▶ **STORED DATA**:
::::::::::

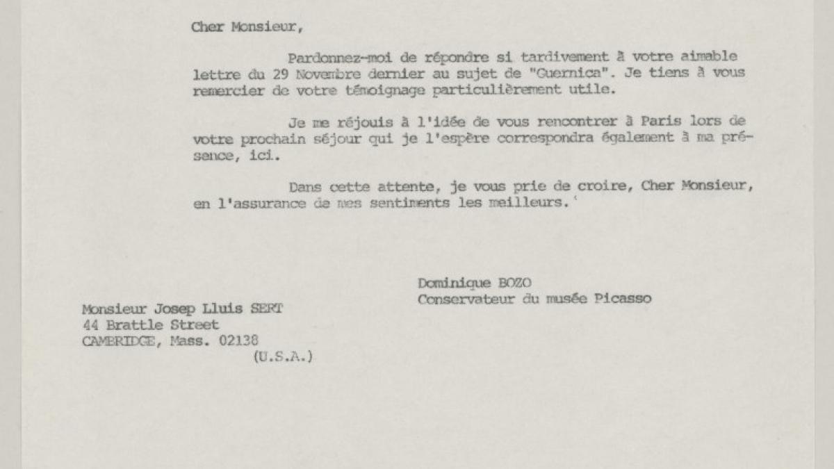 Dominique Bozo, director del Musée Picasso de París, agradece a Josep Lluís Sert su carta del 29 de noviembre sobre Guernica.
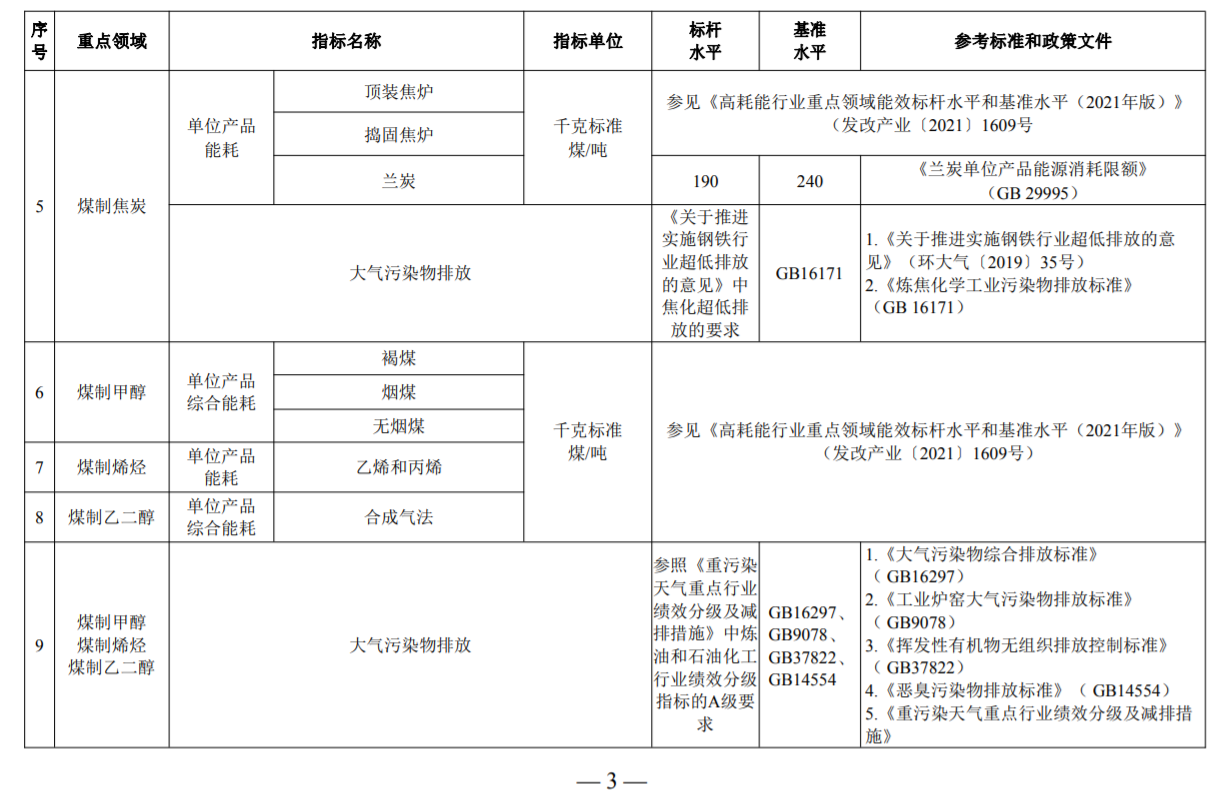 对标国内外同行业先进水平,以及国家现行政策、标准中先进能效指标值和最严格污染物排放要求,确定煤炭清洁高效利用重点领域标杆水平。坚持绿色低碳发展理念,统筹考虑实现碳达峰目标要求、促进煤炭消费转型升级、便于企业操作实施等因素,参考国家现行标准中的准入值或限定值,以及国家政策文件明确的相关指标,科学确定煤炭清洁高效利用重点领域基准水平。本文件将视行业发展和标准制修订情况进行补充完善和动态调整,适时建立包括能耗、物耗、水耗、污染物和温室气体排放水平等在内的煤炭清洁高效利用综合评价指标体系。
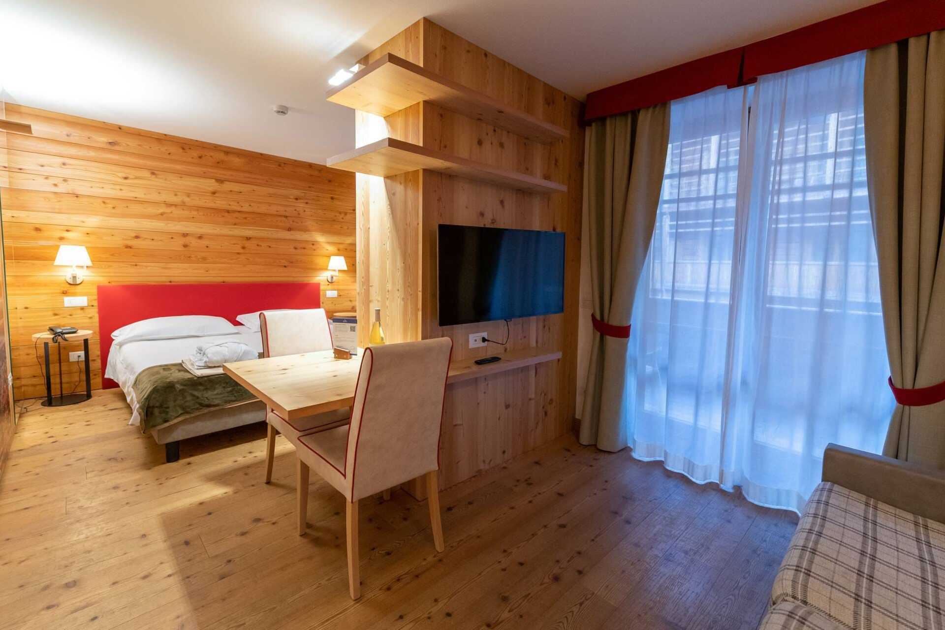 Dobbeltværelse med balkon. Nogle dobbeltværelser ligger ovenpå med en trappe til en hems. En dobbeltseng. Gratis wifi, aircondition til varme og deponering. Køleskab. Kaffemaskine - kapsler mod betaling. Tv med internationale kanaler. Badekåber, poolhåndklæder og tøfler. Hårtørrer. Badeværelse med bruser og toilet. Rengøring 5 gange om ugen.

::::::::::

▶ **TASK TO COMPLETE**:
Hand back exactly the lines from the one with "对标国内外同行业先进水平,以" through the last line of the data above, both ends included, with every picture left out.

▶ **REPLY**:
 对标国内外同行业先进水平,以及国家现行政策、标准中先进能效指标值和最严格污染物排放要求,确定煤炭清洁高效利用重点领域标杆水平。坚持绿色低碳发展理念,统筹考虑实现碳达峰目标要求、促进煤炭消费转型升级、便于企业操作实施等因素,参考国家现行标准中的准入值或限定值,以及国家政策文件明确的相关指标,科学确定煤炭清洁高效利用重点领域基准水平。本文件将视行业发展和标准制修订情况进行补充完善和动态调整,适时建立包括能耗、物耗、水耗、污染物和温室气体排放水平等在内的煤炭清洁高效利用综合评价指标体系。
 Dobbeltværelse med balkon. Nogle dobbeltværelser ligger ovenpå med en trappe til en hems. En dobbeltseng. Gratis wifi, aircondition til varme og deponering. Køleskab. Kaffemaskine - kapsler mod betaling. Tv med internationale kanaler. Badekåber, poolhåndklæder og tøfler. Hårtørrer. Badeværelse med bruser og toilet. Rengøring 5 gange om ugen.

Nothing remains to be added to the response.